**Exercise prompt**: An exact transcription of the lines from the one holding "2月17日 06:24 |" to the end of the entries below, and nothing more, is the required answer. Please omit the pictures.

**Information provided**:

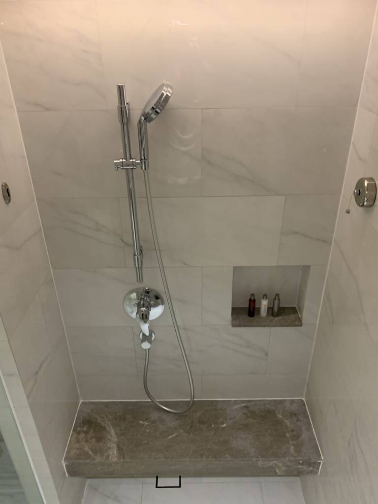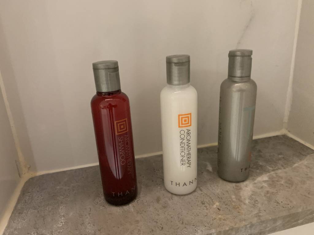 Das Badezimmer der M Club Suiten ist riesig und dient gleichzeitig als Ankleidezimmer, da sich hier auch der Kleiderschrank mitsamt Bügelbrett und Bügeleisen befindet. Auch den Safe findet man hier in einem weiteren Schränken versteckt. Neben einer großen freistehenden Badewanne, die neben dem Waschtisch steht, gibt es noch eine große Dusche. Die Dusche ist mit einer Handbrause und einer Regendusche ausgestattet. Neben den klassischen Pflegeprodukten von Thann gab es diverse weitere Amenities wie Badesalz und Zahnbürsten.
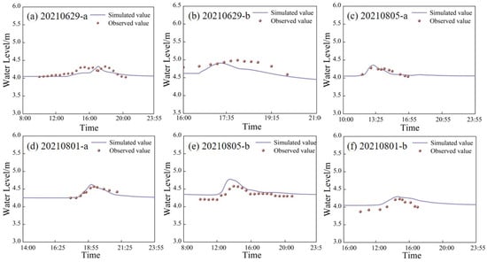 Calibration and validation periods of PBM: (a) Calibration period (20210629) of junction of Fengban and Jin’an River. (b) Calibration period (20210629) of junction of Qinting Lake and Jin’an River. (c) Calibration period (20210805) of junction of Wusi zone and Jin’an River. (d) Calibration period (20210801) of Jin’an and Dongjiao River. (e) Validation period (20210805) of junction of Qinting Lake and Jin’an River. (f) Validation period (20210801) of junction of Jin’an and Guangming River.
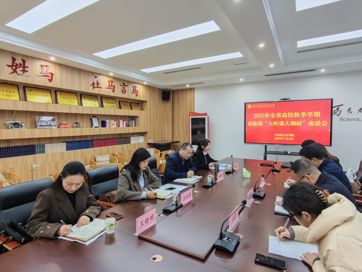 随后,调研组召开马院部分教师座谈会,对听课情况和相关课程建设进行进一步指导。调研组认为,四位教师在教学内容设计、教学方法运用、课堂互动安排等方面各有亮点,整体教学效果良好。为了进一步提升教学效果,建议进一步调查学情、教情,梳理学生角度的问题清单,并结合教学重点难点在课堂教学中回应学生的问题;要充分运用《教学要点及参考资料》,继续强化课堂教学的学理性;要深入开展党的创新理论融入思政课教学研讨工作,筑牢思政课的主渠道地位。
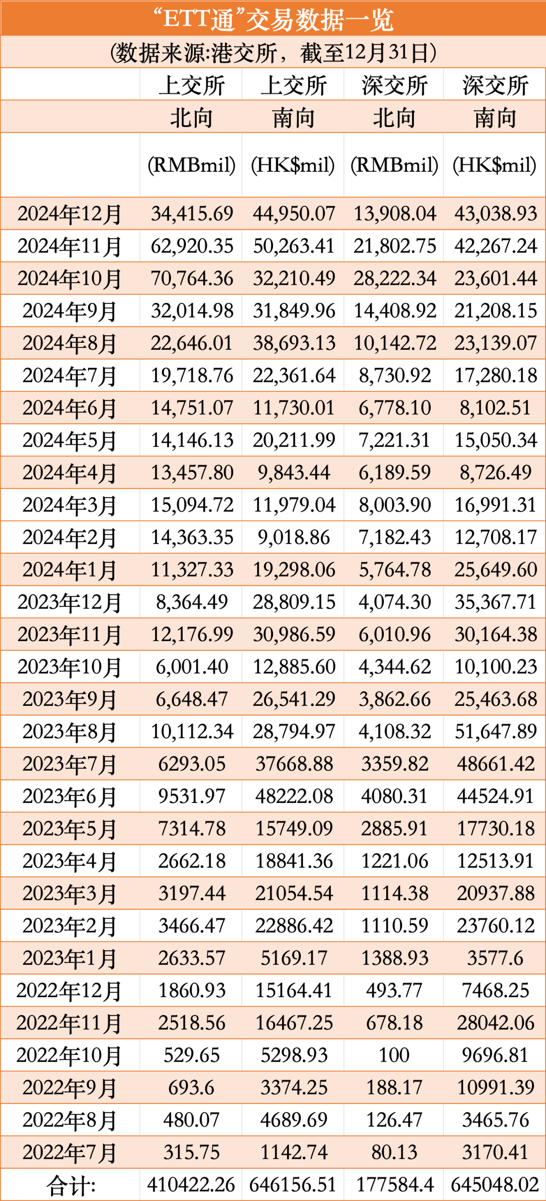 “ETF通”成交金额也显著扩大。沪股通9月成交金额提升至320.15亿元,环比增长41.37%;深股通9月成交金额达到144.09亿元,环比增长42.06%。到了10月份,随着增量资金涌入,沪股通成交金额迅速扩大至707.64亿元,环比增长超过121%;深股通成交金额增至282.22亿元,环比增幅也接近1倍。尽管到了12月,股市转为震荡,“ETF通”成交金额有所回落,但相比前一年的年末仍有数倍的增长。
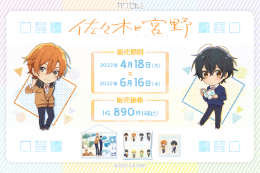 株式会社インクルーズ(東京都渋谷区、代表取締役社長 山﨑 健司)が企画・運営するオンラインくじ「カワセルくじ」にて、4月18日(月)より、「佐々木と宮野」のくじが発売開始になりましたことをご報告させていただきます。
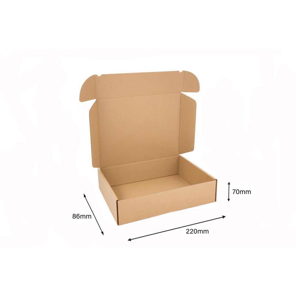 Poštová kartónová krabica s rozmermi 220x86x70mm je vyrobená z hnedej 3-vrstvovej vlnitej lepenky. Tento druh krabice uľahčuje balenie akýchkoľvek produktov bez použitia lepiacej pásky.
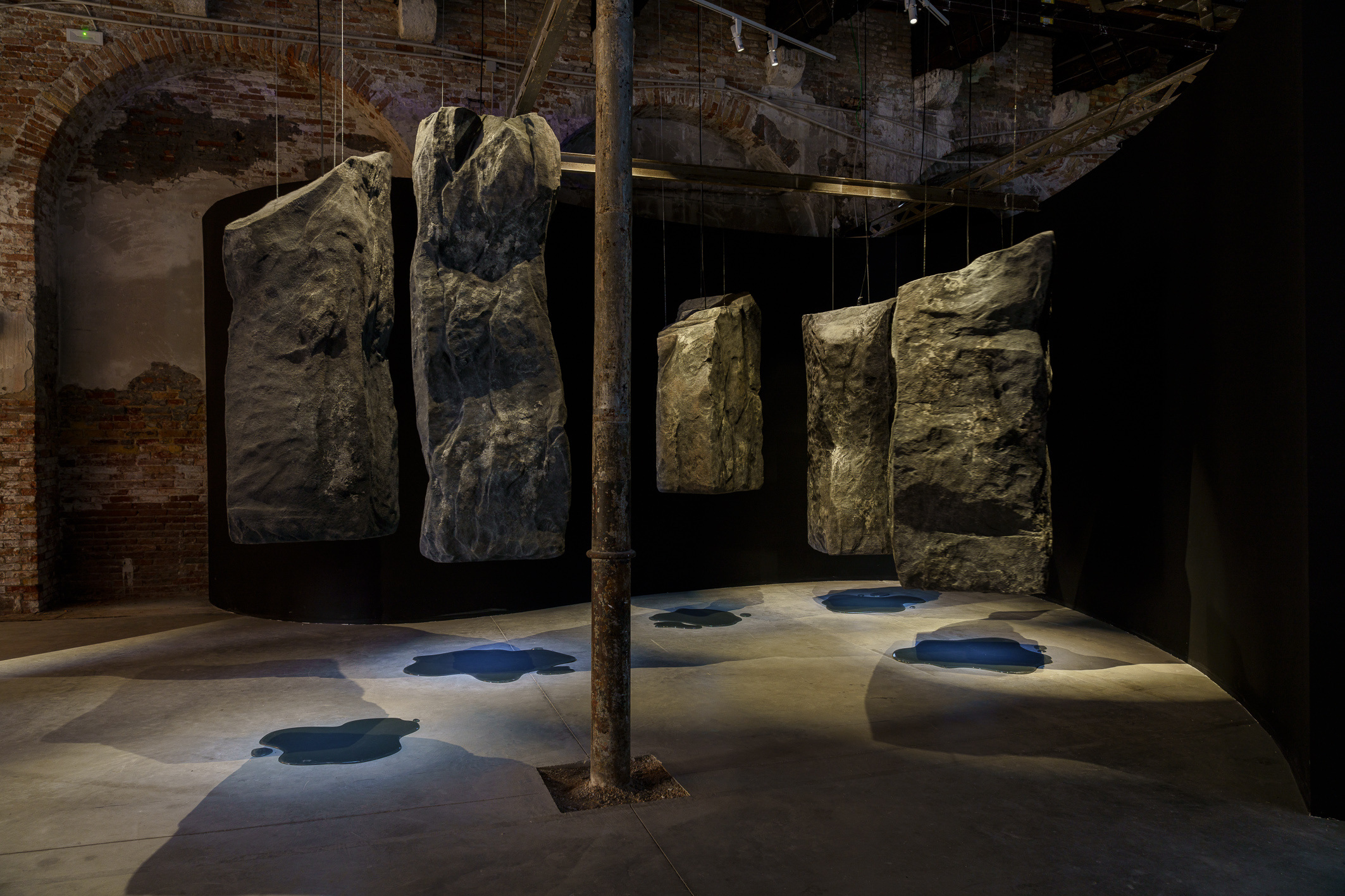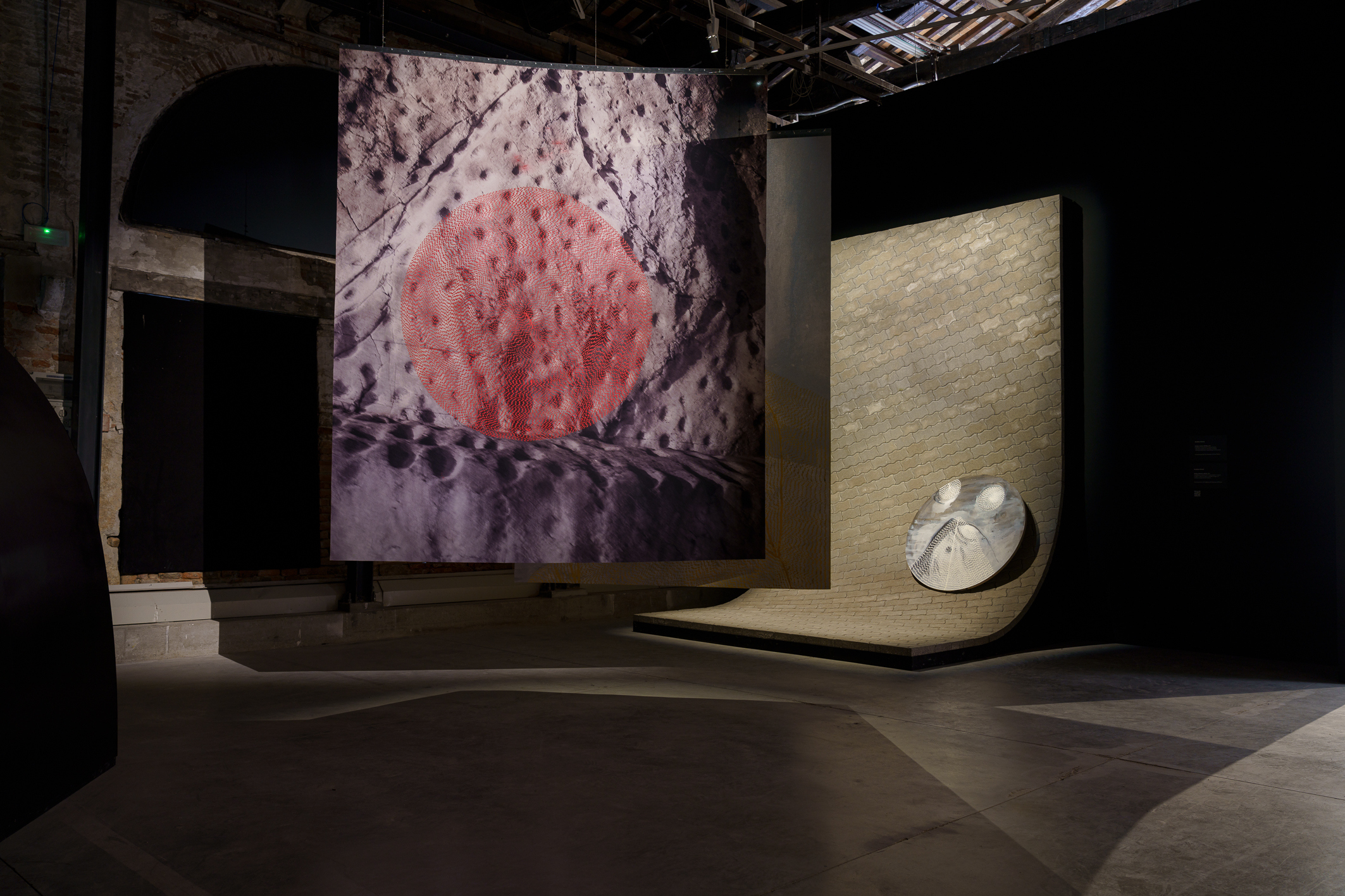 The Oman pavilion, a first for the Sultanate at the biennale, was powerful in offering a rich context for the evolution of its art scene. Curated by art historian Aisha Stoby, whose research has focused on modern art movements in the GCC, ‘Destined Imaginaries’ brought together the works of three generations of Omani contemporary artists, namely Anwar Sonya, Hassan Meer, Budoor Al Riyami, Radhika Khimji, and the late artist Raiya Al Rawahi. There was topographical materiality to the work that situates Oman, its craggy mountains and cave systems, while casting a lens on important issues such as environmental adaptation or nature’s way of dealing with climate change. Al Riyami’s sleek resin sculptures emulated how the peridotite rocks of Oman’s Hajar mountain range capture and store carbon dioxide in a natural process of decarbonisation, with significant implications for global warming. Al Khimji’s work referenced the fish that have both lost their pigmentation and vision as a result of adapting to the darkness of the Al Hoota caves. Juxtaposed with Meer’s contemporary video work on urbanity and Al Rawahi’s collaboration with Sonya on robotics and the future, this felt like a multi-faceted and relevant pavilion.
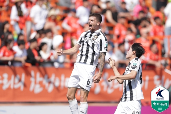 FC서울 바베츠가 25일 열린 하나은행 K리그1 2026 10라운드 강원FC와 원정 경기에서 전반 42분 선제골을 터뜨린 후 기뻐하고 있다. (한국프로축구연맹 제공)
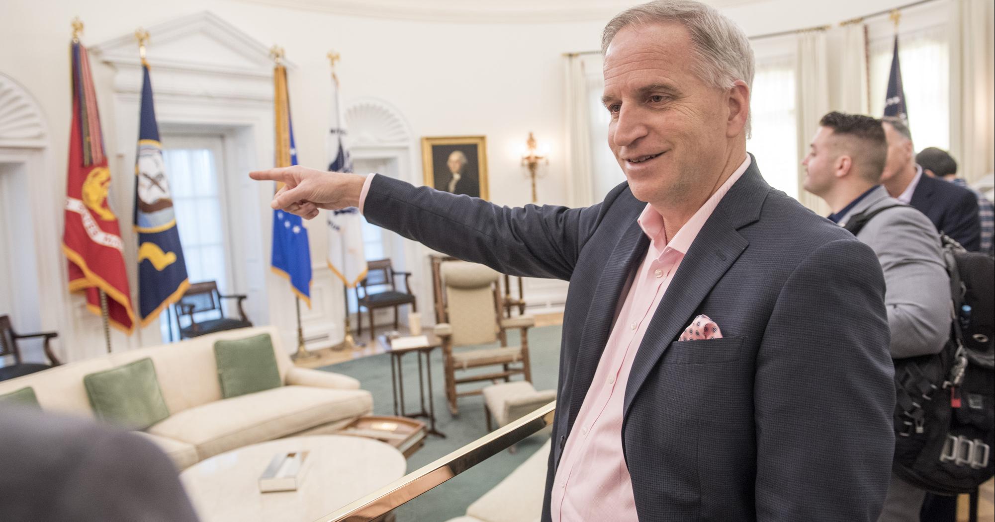 On Feb. 6, 2018, Robert Cardillo, director of the National Geospatial-Intelligence Agency, and agency Executive Director Ed Mornston, visited the library to view unclassified pages from the President's Daily Brief. LBJ Library Archivist Lara Hall facilitated the viewing.
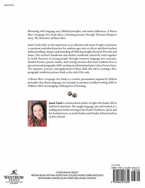 Brimming with language arts, biblical principles, and nature influences, A Brown Bear's Language Arts Study takes a charming journey through Thornton Burgess's story, The Adventures of Buster Bear. Jamie Gault relies on her experience as an educator and mom of eight to promote a consistent read-aloud practice for students ages nine to eleven and their teachers while providing a deeper understanding of biblical principles found in Proverbs and James. Her teacher's handbook and student workbook cohesively work together to build character in young people through common language arts concepts, detailed lessons, picture studies, and writing exercises that teach students how to pen structured paragraphs while creating an informational piece about brown bears. The exposure, practice, and application of these skills also aid in creating a five-paragraph nonfiction picture book at the end of the unit. A Brown Bear's Language Arts Study is a creative presentation inspired by biblical principles that shares language arts concepts to promote excellent writing skills in children while encouraging a lifelong love of learning.
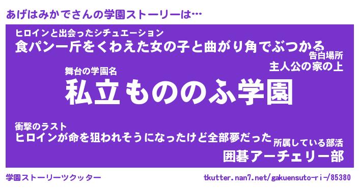 | 告白場所 先生の家の上 …「ふぃぎゅこ」 | 2月17日 06:24 |
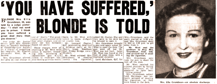 “Mrs. Ella Grundman, 39, was told by a judge yesterday: ” I shall not send you to prison. I think you have suffered a great deal more than you deserve.” The judge, Mr. Justice Oliver, gave Mrs. Grundman an absolute discharge at Cambridgeshire Assizes on a charge of assaulting her employer, Mr. Charles Alexander West, 59, a farmer.”
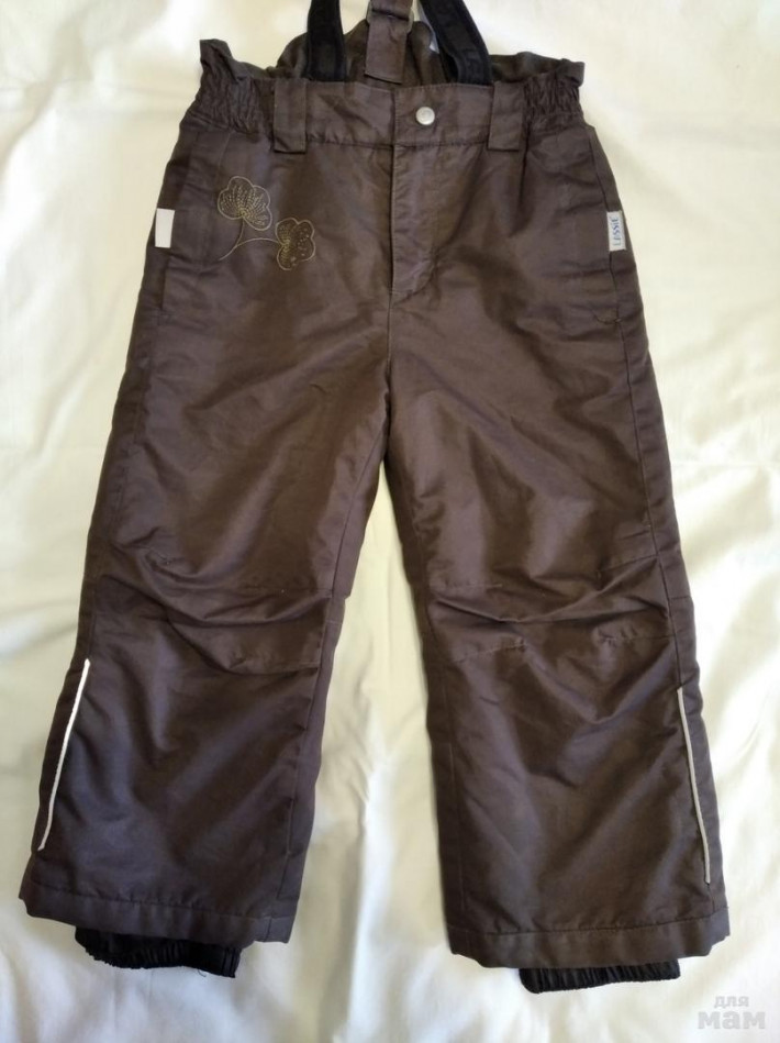 зимние брючки с лямками, попа и коленки в норме, на краях штанин видны следы носки. Шаговый шов 38см, цвет серо-коричневый.

**Solution**:
 | 告白場所 先生の家の上 …「ふぃぎゅこ」 | 2月17日 06:24 |
 “Mrs. Ella Grundman, 39, was told by a judge yesterday: ” I shall not send you to prison. I think you have suffered a great deal more than you deserve.” The judge, Mr. Justice Oliver, gave Mrs. Grundman an absolute discharge at Cambridgeshire Assizes on a charge of assaulting her employer, Mr. Charles Alexander West, 59, a farmer.”
 зимние брючки с лямками, попа и коленки в норме, на краях штанин видны следы носки. Шаговый шов 38см, цвет серо-коричневый.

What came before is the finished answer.